I tell you, as someone who has struggled mightily with jealousy her whole life, going through infertility was a good thing for me. There is nothing to hone a person’s skills in humility more than smiling stiffly through scads of pregnancy announcements and baby showers for a few years while desperately wanting another baby to arrive. I could have gotten permanently bitter and mean and seen my own life as not enough for me (it happens and I could point to blogs to prove it but have no interest in doing THAT). But it was a deliberate choice not to get that way despite the temptation. I’m not getting all saintly about this, about seeing my blessings instead of wallowing in misery (for the record, I tried on both and bounced back and forth between them). I’m saying that it was a deliberate choice to say, if this is how my life will be, I will take meaning from it. I will let it improve me instead of make me miserable. Because, dammit, I like my life and I won’t let circumstances ruin it for me.
See, that’s intrinsic happiness at work. (I don’t think it’s always a choice. I have come to believe — despite hearing all my growing up that I was a pessimist — that I am a staunch if cautious optimist. It’s just that I’m also kinda whiny.)
Likewise, like Jackie I can get undone worrying and do almost every night when insomnia kicks in and my defenses are down. Feeling happy is scary. It seems smarter to be worried or fearful or angry or even sad because it seems like when life is not so hot and I’m happy anyway that I’m giving in and settling for the not so hot parts. So here I am worried about my freelancing career and I think, “But if I’m happy instead of tormented, who will do the work of worrying?” As if the worrying does more than steal my sleep. As if the worrying actually somehow effects positive change.
I think, “If I take my eye off the prize — off of the Baby Alive or the book deal, then it’s like I’m saying no to them. It’s like I’ll lose the hunger to claw my way to them.” This is when I have to stop and do the one day at a time thing. It’s when I have to stop and look down at my feet and see where I’m standing, take notice of my surroundings and what I’m learning on the way.

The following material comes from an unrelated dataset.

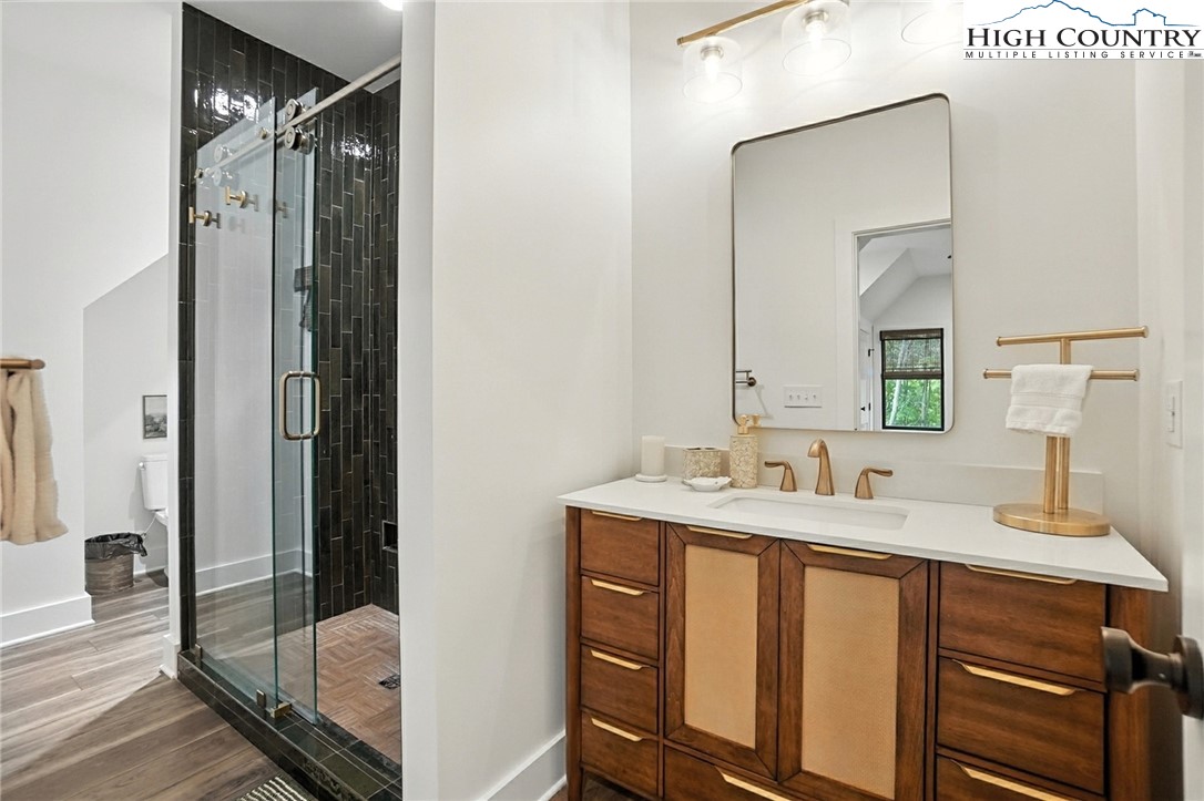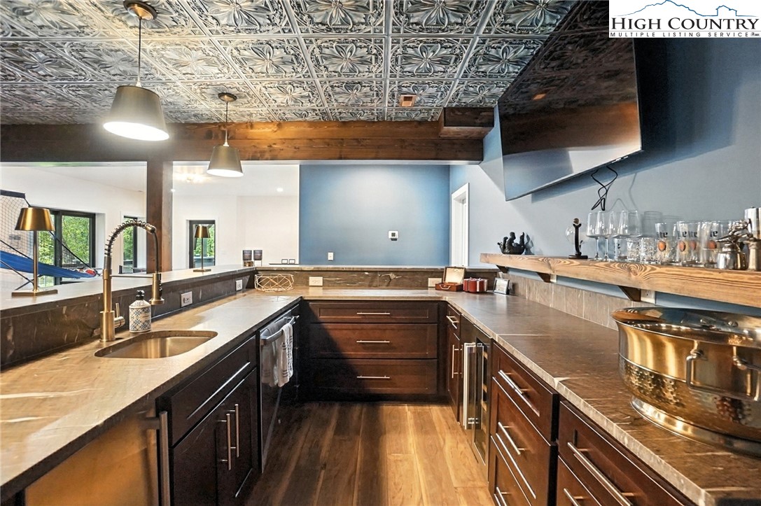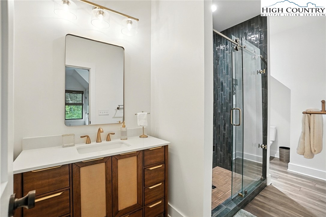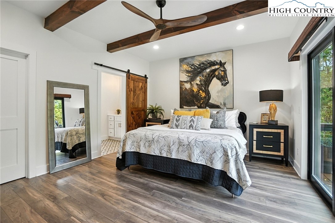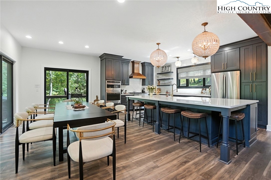 Step inside to discover the modern finishes and thoughtful details that adorn this home, from the open concept layout to the abundance of natural light that shines through the expansive windows overlooking the New River! The heart of the home is the contemporary kitchen, complete with sleek appliances, Quartz countertops, custom cabinetry, a coffee bar, accent wall, and ample storage space for all your culinary needs. The primary bedroom is on the main level with wood accent beams, walk-in closet, and views of the river. Primary bathroom continues the modern theme of the home with a floor-to-ceiling tiled shower, dual vanities, and elegant fixtures. On the third level of the home, you will find two large bedrooms with en-suite bathrooms and a loft area that can be used for a home office. Entertain in the spacious living area or take the festivities outdoors to the 1.5 acre lot and large wraparound deck. Unwind in the evenings in your very own hot tub, creating an oasis of relaxation and breathtaking views of the river and the surrounding mountainside. You may even see a family of deer. For those seeking additional space, the large basement offers more entertainment options with a recreation area and well-equipped bar with a ‘speak easy’ vibe. The bunk room with a full bathroom completes the basement area. Don't miss your chance to make this modern farmhouse property your own personal sanctuary, where peaceful riverside living meets contemporary luxury. Schedule your showing today and start living the lifestyle you've always dreamed of. Property is being sold fully furnished aside from a few items.

I am thinking about the new year. I am thinking about this my last year as a thirty-something and thinking about how I want to enjoy my life as I live it and how I want to wring all I can out of my experiences. (Because I am greedy after all.) I want to have enough faith in the hard work that I do that I don’t feel like I have to second-guess myself late at night when everyone else is asleep and I get to worrying. I want to be kinder, less apprehensive, more interested in what’s happening now.
Those are some of my resolutions. This my first year to make some after at least two decades of not caring much for resolutions. It’s because I’m getting older, I’m sure. (And more near-sighted. Sheesh.)